Vice-president of the NSW Liberal Party
Born in: Sydney
Friends: Barry O'Farrell | John Fahey | Nick Greiner
Home Town: Sydney
Bouncy is the best word to describe Michael Photios, the Liberals' powerful kingmaker in NSW. But lively, likeable, and irrepressible would also do the trick.
Remember Tigger from Winnie the Pooh?
The garrulous Greek was once a salesman in the family business, which leads the world in the sale of feather boas and sequins, but he now devotes his energy to selling himself. And he does a wonderful job.
If you believe Michael Photios, he is by far the most powerful political fixer in the NSW Liberal Party: a brilliant strategist who has achieved dominance for the Left by splitting the Right and scattering his enemies. Not only does he tell heroic and amusing tales of his exploits, he is more than happy to share his secrets. "Charm, manage, lead," he proclaims. "Secure and reward talent and you will succeed. At the same time, exploit your enemies' divisions."
But the strange thing is, it appears to be true. One former enemy, now an admirer, tells The Power Index, "Photios is very clever; he understands people, and he won most of the recent pre-selection battles, which is why the majority of Liberals in state parliament are now left of centre".
"We go from success in the morning to success in the afternoon when we roll out pre-selections," Photios chirps cheerfully. And a quick parliamentary roll-call backs up this boast, with at least a dozen new NSW MPs indebted to Photios for their seats on the green leather.
Photios's faction—once known as "The Group"—was set up in the 1980s to counter ethnic branch-stacking by the religious Right. And since 2008 it has been firmly back on top, after almost a decade in which zealotry ruled the roost. Photios masterminded the fightback by making a deal with the self-styled "Sensible Right", which left David Clarke and his Opus Dei mates out on their own.
Yet somehow or other Photios managed to keep Clarke onside too, giving him a bear hug for the cameras at the 2008 state dinner. Once his bitter enemy, Clarke has recently described Photios as his "friend".
Like so many political powerbrokers, Photios has been at it all his life. He joined the party as a 15-year old while still at King's School, Parramatta, then persuaded his father to fund him into politics when he got bored with studying law. He became the youngest-ever president of the Young Liberals at 22, boosted membership fivefold and went on to set a series of records: youngest MP of his era, youngest Cabinet minister of his time and longest-serving member of the party's state executive, with his 30-year term beating John Howard into second place.
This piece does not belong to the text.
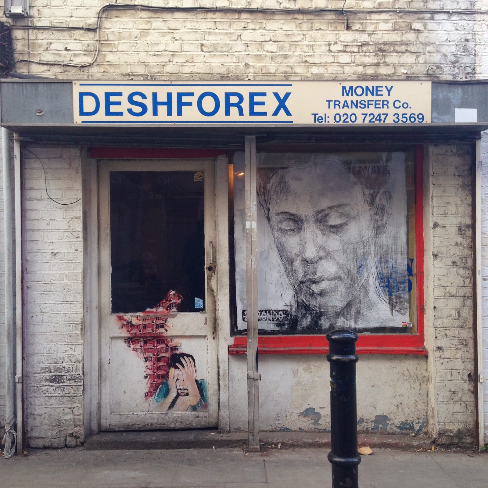 Parlee – Essex Rockers, daubed a Global Street Art mural hoarding which panel by panel is getting smaller with each passing day it seems as the building being built behind the hoarding approaches completion. Grimsby St will be a considerable duller place with those hoardings gone and it will be interesting to see if the current tolerance of the un-curated street art on the opposite wall survives whatever new businesses and residents move into that new building.
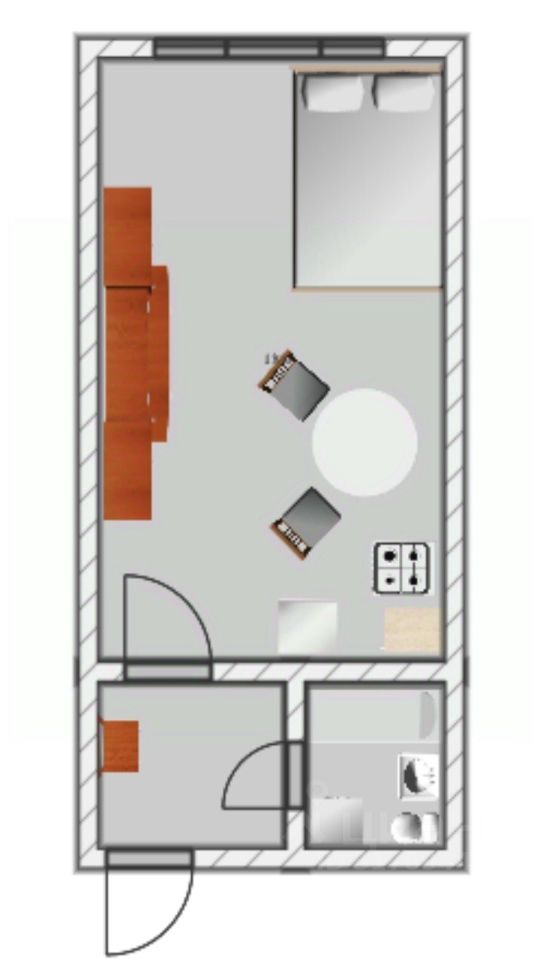 В квартире: двуспальная кровать, места для хранения, холодильник, плита, стиральная машина

"It's a hobby," he says. "I've loved doing it. I'd have done it for nothing.
"I had no silver spoon, no pedigree, no political contacts, no university degree and a wog name, but I was able to become a significant political powerbroker."
Photios was already playing that power game when he came into the NSW parliament in 1988 at the age of 27. Four years later he helped bring down Nick Greiner and install John Fahey as leader. Since then he has made and/or broken another four Liberal leaders.
He is now a key member of Barry O'Farrell's kitchen cabinet and said to be one of the few people who is really close to the NSW Premier. This bodes well for his new lobbying business, Premier State, whose offices at the top of the MLC Centre—conveniently across the corridor from John Howard—boast million-dollar views across Sydney Harbour to North Head and beyond.
Photios wants his outfit to be the conservative version of Hawker Britton, selling unparalleled access to O'Farrell and his ministers and the next Liberal government, which he is convinced is coming down the road in Canberra. He's even offering a special two-year package so clients can ready themselves for the day Abbott takes over.
These lobbying activities have seen Photios sharply criticised, not least by the Sydney Morning Herald's conservative columnist, Paul Sheehan, who has likened him to the legendary NSW Labor powerbroker Eddie Obeid. And for those who live on Mars, that is not a compliment.
His clients include big four accounting firm PricewaterhouseCoopers, which competes for state government contracts, and the Australian Hotels Association, which has been lobbying to stop the O'Farrell government from clamping down hard on pubs with a record of alcohol-related violence. At this stage, it must be said that Photios's efforts have done nothing to slow this down.
Now nearly 51, Photios has three children from two marriages, and is about to embark on his third, to a woman 25 years younger than him. Since he left his pregnant first wife in 1999 he has been universally derided in the tabloids and gossip columns as the "Love Rat".
The Daily Telegraph recently published a photograph of him partying hard with his new lover, which prompted him to reply: "There is too much mediocrity and boredom in politics ... we should all get a life ... If I've been known to go to a party or two, I'm happy to go to another. My advice would be for everyone to try it."
Most of his former enemies don't mind. According to Photios, half the Sensible Right are coming to his next wedding, in Thailand in October. Should be quite an event.